Stephen Kelly, chief executive of lobby group Manufacturing NI, sets out the cold, hard facts on exports, the EU and us... while Adrian Weckler says Ireland must start poaching tech firms from Northern Ireland and the rest of the UK

Published 01/03/2016

There are still many tough decisions to be made before the EU referendum takes place on June 23
There are still many tough decisions to be made before the EU referendum takes place on June 23

The 'Brexit' debate is now less than two weeks old and we have almost four months still to run. It's important that any local debate, on the pros and cons, is populated with fact and not fear. What is emerging is that business requires certainty. It's important that both sides of the debate confirm, not speculate, on what will happen next. Business does not want barriers to trade, particularly for those who sell into that almost £3bn EU market or indeed who leverage EU Trade Agreements with other parts of the world which are worth an additional £3bn.

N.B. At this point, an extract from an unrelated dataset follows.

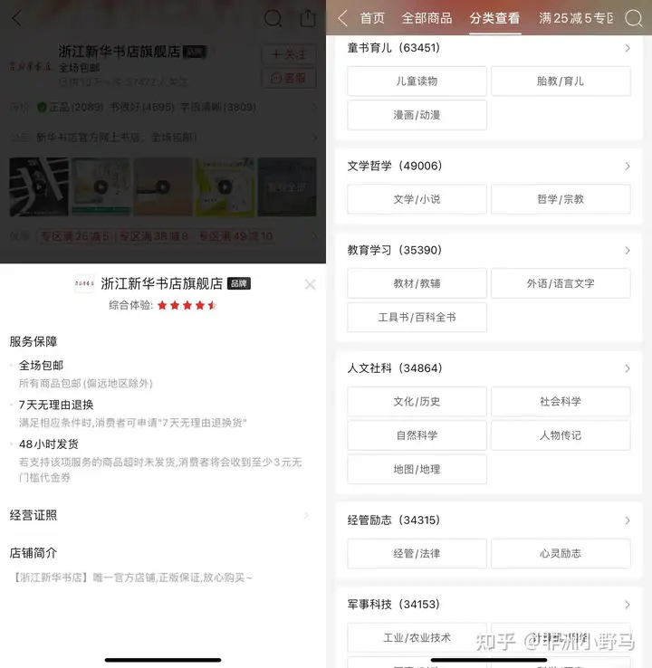 综合类店铺评分排名:凤凰新华书店图书旗舰店和湖北新华书店图书旗舰店五星,其余都是4星半

Uncertainty is as damaging as action - we're already aware of businesses holding off investment, EU customers raising concerns about what happens beyond June 23 and the reaction of the markets to news of the referendum. Our manufacturing sector remains brittle and we need to make sure that the conditions are created - whether through a vote to remain or leave - that we are empowered and tooled up to realise our export potential and grow our economy.

For small open economies, like ours, exports are an important driver of economic growth. They provide us with an external source of demand which can help compensate for a lack of domestic scale, and allow a developed economy to tap into potentially faster growth in emerging markets. Exports also help to support demand in non-export sectors through economic multiplier effects.

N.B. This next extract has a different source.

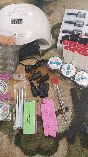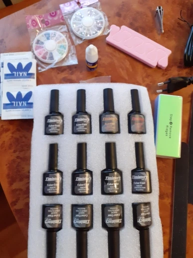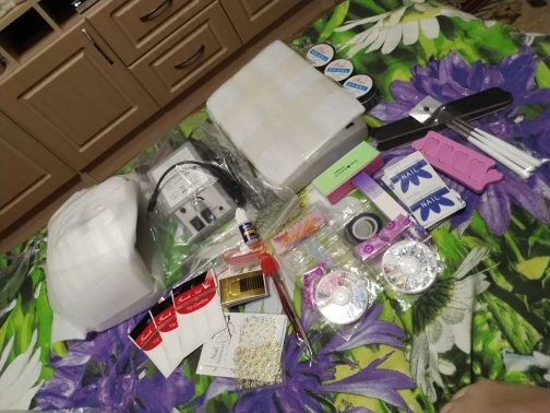 Я чисто побаловаться взяла(хобби новое), по этому не судите строго фотки Пришло всё, что в описании. Из минусов:некоторые флаконы протекают(и при транспортировке, и при хранении), уф гели два прозрачных, один белый(вместо одного розового), лампа не просушивает с первого раза плотный слой уф геля, ремувер странный(не снимает ничего хотя держала 15 мин в колпачке), фрезы нужны другие(те что в коплекте-бесполезны)Из плюсов: лаки хороши, лампа хороша(120), топ без липкого слоя, фреза работает, плюшки для дизайна прикольные, пилки, кисти и тд тоже хорошие. Долго не носила еще, максимум неделя, но без сколов, отслоек и тд, наращивание тоже(и на типсы, и на формы), все крепенько. Для учения и баловства-покатит, но для работы только лаки и лампа хороши, остальное лучше докупить более качественное. Не хватает хорошего ремувера(снятие покрытия), салфеток. Итог: за такой набор товара, который предлагает продавец, своих денег не жалко. Я довольна, есть, конечно, свои нюансы, но оно того стоит.

In 2012 manufacturing accounted for 61% of all goods and services exported by Northern Ireland companies. Consequently, as Northern Ireland's largest exporting sector, and therefore source of export revenue, manufacturing plays an important role in supporting the province's economic growth.

The Manufacturing Sales and Exports Survey, undertaken by the Department of Enterprise, Trade and Investment (DETI), provides more timely information concerning the performance of Northern Ireland manufacturing sales and exports. It reveals that manufacturing turnover reached £18.1bn in 2014. Of this sales total, £14.3bn was generated from markets outside of Northern Ireland - equivalent to 79% of total sales. Some £8.3bn (58%) of these external sales were destined for the British market and the remaining £6bn consisted of exports. Manufacturing exports in 2014 actually fell by 1.5% from the 2013 level, caused by a decrease in sales to the rest of the world.

The manufacture of food, beverages and tobacco accounted for the largest share of manufacturing exports at 28%. Manufacturing firms of all sizes contribute to Northern Ireland's exports. In 2014, small and medium-sized firms (firms with less than 250 employees) posted export sales of £1.9bn, accounting for almost one-third of total exports.

The Republic of Ireland is Northern Ireland's largest single market for manufactured exports, accounting for more than £1.4bn in sales in 2014, equivalent to 23.5% of total exports. The rest of the EU accounted for a further 25% of manufactured exports, with Switzerland, Germany and France the largest markets. More than half of Northern Ireland's manufacturing exports are destined for markets outside the EU. North America is the largest non-EU export market, accounting for over £1.1bn of sales, with Asia also a significant destination.

The mix of destinations and increasing globalisation of trade is important given the range of expected rates of growth across the globe. Ireland is expected to grow significantly faster than the world average over the next decade, and should provide strong demand for Northern Ireland's exports. Above average growth is also forecast for Asia, the Middle East and Africa that collectively account for 12% of manufactured exports. Growth in these markets will be an important source of demand, as we expect US and European GDP growth to be slower than the world average. Nonetheless, the size of these markets means they will continue to be an important driver of our manufacturing sector.